*** Materials provided Section Begins ***

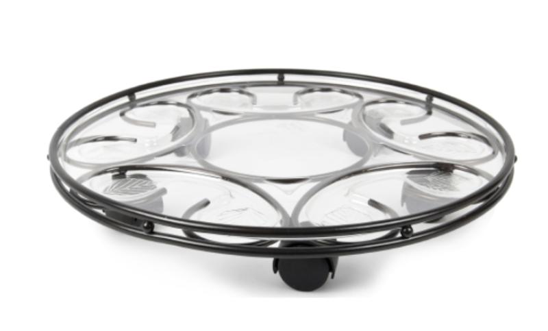 Extra sturdy caddy features 4 custom casters for optimum balance and custom fitted saucer with water wells that offer a dry platform enabling overflow water to escape to the bottom of the planter for the health of the plants root system. Comes in attractive display carton.
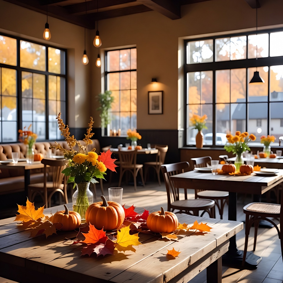 autumn, colors, cozy, decorations, dining, fall, flowers, food, harvest, indoors, leaves, orange, pumpkins, restaurant, seating, space, sunlight, tables, warm, windows
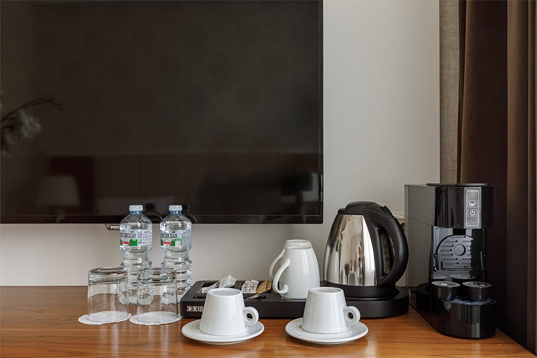 спутниковое телевидение, Wi-Fi, телефон, кондиционер, фен, кофемашина, ванная комната, душевая кабина, халаты, банные полотенца, тапочки, косметические средства, кровать «King size», тумбы, шкаф для одежды, вешалки, журнальный столик, багажная тумба, зеркало, пуфики, чайный набор, обслуживание номеров, сейф, чайник, косметическое зеркало, питьевая вода, ковровое покрытие, вид во двор, стаканы, стол, туалетные средства, телевизор с плоским экраном, мини-холодильник, без питомцевВ номере
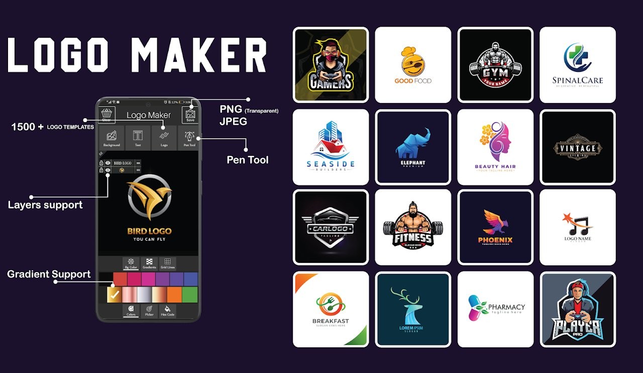 Logo maker free is a fully loaded logo creator app for graphic design free. Now design logos for gaming, business, esports and company events with logo editor using premium shapes, symbols, icons, typography and logo templates in 3d. Start designing your logo for your gaming squad using gaming logo maker to represent your clan or gaming team with a professional yet powerful logo in esports or give your brand a unique identity using logo maker app for free.
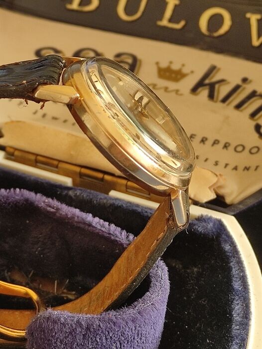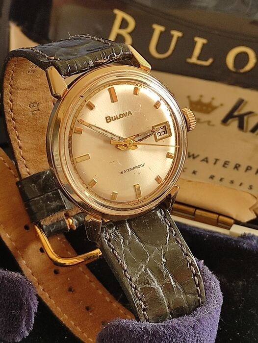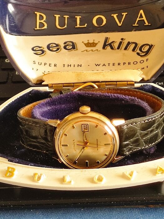 Bulova Zeekoning. Vergezeld van zijn originele doos, nieuw glas, datumweergave op 3 uur, goed werkende indexen en gangreserve, 33 mm kast zonder kroon.
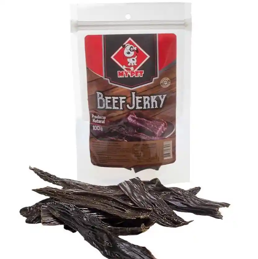 BEEF JERKY Son Trozos de carne de cerdo o res deshidratados, que no contiene carnaza, químicos, ni aditivos, producto 100% natural. - Apto para perros de todas las razas. -Ideal para complementar la alimentación diaria de tu perro. - Se pueden suministrar para premiarlos en su entrenamiento y entretenerlos por horas. - Producto de tamaño mediano, muy crocantes y fáciles de masticar, recomendado para cualquier tamaño de perro. *El paquete incluye varios trozos de carne.
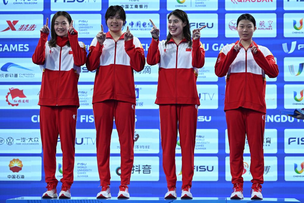 8月1日,獲得冠軍的中國隊選手李冰潔、柳雅欣、張雨霏、羅悠揚(從左至右)在女子4x100米自由泳接力頒獎儀式上。新華社記者張龍攝
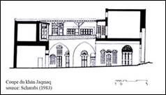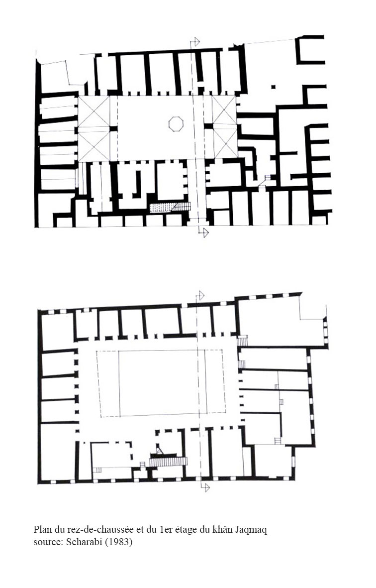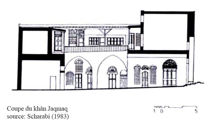 La configuration Ottomane de l’actuel édifice serait l’œuvre de Hasan Pacha Surbazî vers 1601. Il présente deux portails quasi identiques en façade (ill.3, 4). La cour intérieure est entourée de salles sur deux niveaux (ill.1, 5-7).
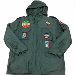 The M-65 Jacket features a concealed hood, heavy brass zipper and snaps up storm flap
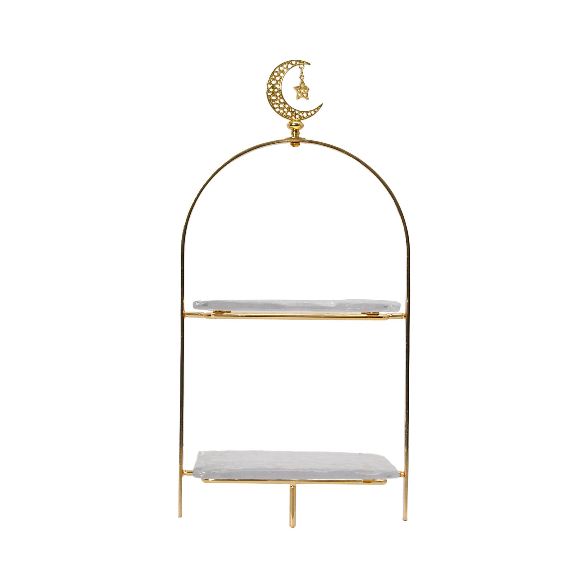 Elevate your dessert or appetizer display with this elegant ELE 4PM two-tiered serving stand. This sophisticated piece is a beautiful and functional addition to any table, perfect for special occasions or daily use.
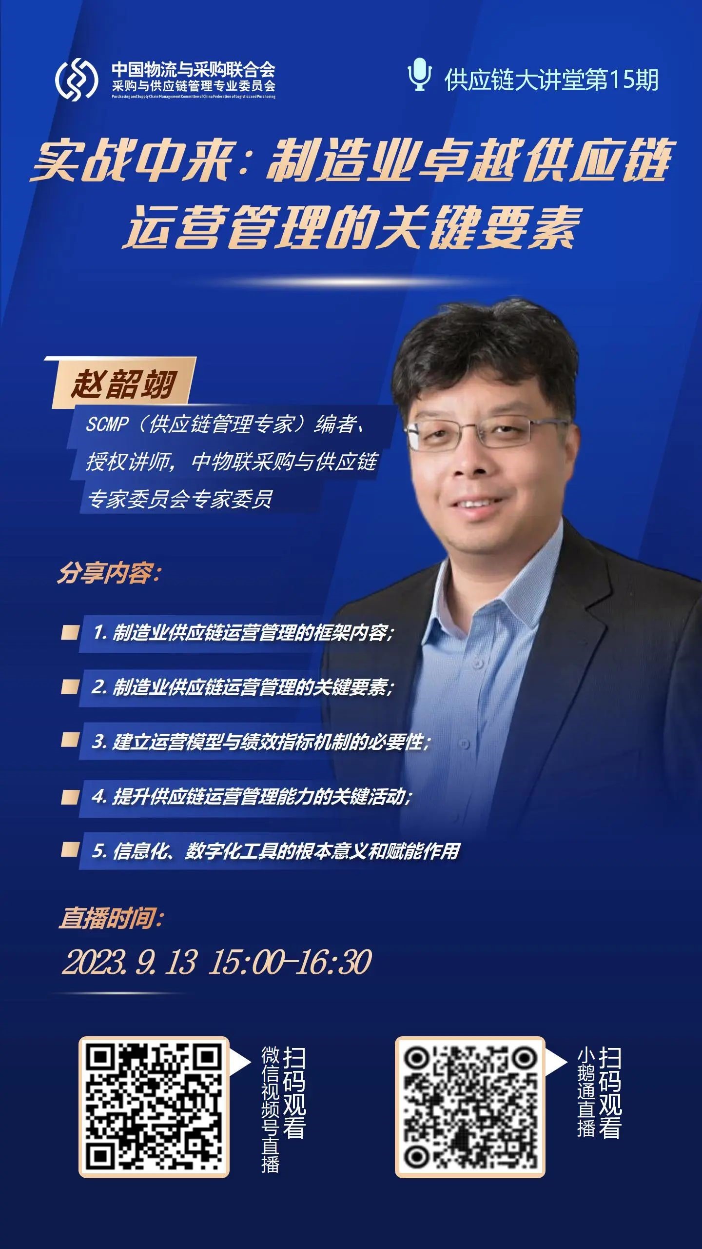 9月13日,由中国物流与采购联合会采购与供应链管理专业委员会主办的第十五期“供应链大讲堂”系列直播在线上举行。邀请“供应链管理专家”(SCMP)编者、授权讲师,中物联采购与供应链专家委员会委员赵韶翊,以“实战中来:制造业卓越供应链运营管理的关键要素”为题,围绕“制造业供应链运营管理的框架内容”“制造业供应链运营管理的关键要素”“建立运营模型与绩效指标的必要性”等内容进行讲解。

*** Materials provided Section Ends ***

→ **Exercise directions**: Only the text of the records is to be reproduced exactly; skip the pictures.

→ **Finished exercise**:
 Extra sturdy caddy features 4 custom casters for optimum balance and custom fitted saucer with water wells that offer a dry platform enabling overflow water to escape to the bottom of the planter for the health of the plants root system. Comes in attractive display carton.
 autumn, colors, cozy, decorations, dining, fall, flowers, food, harvest, indoors, leaves, orange, pumpkins, restaurant, seating, space, sunlight, tables, warm, windows
 спутниковое телевидение, Wi-Fi, телефон, кондиционер, фен, кофемашина, ванная комната, душевая кабина, халаты, банные полотенца, тапочки, косметические средства, кровать «King size», тумбы, шкаф для одежды, вешалки, журнальный столик, багажная тумба, зеркало, пуфики, чайный набор, обслуживание номеров, сейф, чайник, косметическое зеркало, питьевая вода, ковровое покрытие, вид во двор, стаканы, стол, туалетные средства, телевизор с плоским экраном, мини-холодильник, без питомцевВ номере
 Logo maker free is a fully loaded logo creator app for graphic design free. Now design logos for gaming, business, esports and company events with logo editor using premium shapes, symbols, icons, typography and logo templates in 3d. Start designing your logo for your gaming squad using gaming logo maker to represent your clan or gaming team with a professional yet powerful logo in esports or give your brand a unique identity using logo maker app for free.
 Bulova Zeekoning. Vergezeld van zijn originele doos, nieuw glas, datumweergave op 3 uur, goed werkende indexen en gangreserve, 33 mm kast zonder kroon.
 BEEF JERKY Son Trozos de carne de cerdo o res deshidratados, que no contiene carnaza, químicos, ni aditivos, producto 100% natural. - Apto para perros de todas las razas. -Ideal para complementar la alimentación diaria de tu perro. - Se pueden suministrar para premiarlos en su entrenamiento y entretenerlos por horas. - Producto de tamaño mediano, muy crocantes y fáciles de masticar, recomendado para cualquier tamaño de perro. *El paquete incluye varios trozos de carne.
 8月1日,獲得冠軍的中國隊選手李冰潔、柳雅欣、張雨霏、羅悠揚(從左至右)在女子4x100米自由泳接力頒獎儀式上。新華社記者張龍攝
 La configuration Ottomane de l’actuel édifice serait l’œuvre de Hasan Pacha Surbazî vers 1601. Il présente deux portails quasi identiques en façade (ill.3, 4). La cour intérieure est entourée de salles sur deux niveaux (ill.1, 5-7).
 The M-65 Jacket features a concealed hood, heavy brass zipper and snaps up storm flap
 Elevate your dessert or appetizer display with this elegant ELE 4PM two-tiered serving stand. This sophisticated piece is a beautiful and functional addition to any table, perfect for special occasions or daily use.
 9月13日,由中国物流与采购联合会采购与供应链管理专业委员会主办的第十五期“供应链大讲堂”系列直播在线上举行。邀请“供应链管理专家”(SCMP)编者、授权讲师,中物联采购与供应链专家委员会委员赵韶翊,以“实战中来:制造业卓越供应链运营管理的关键要素”为题,围绕“制造业供应链运营管理的框架内容”“制造业供应链运营管理的关键要素”“建立运营模型与绩效指标的必要性”等内容进行讲解。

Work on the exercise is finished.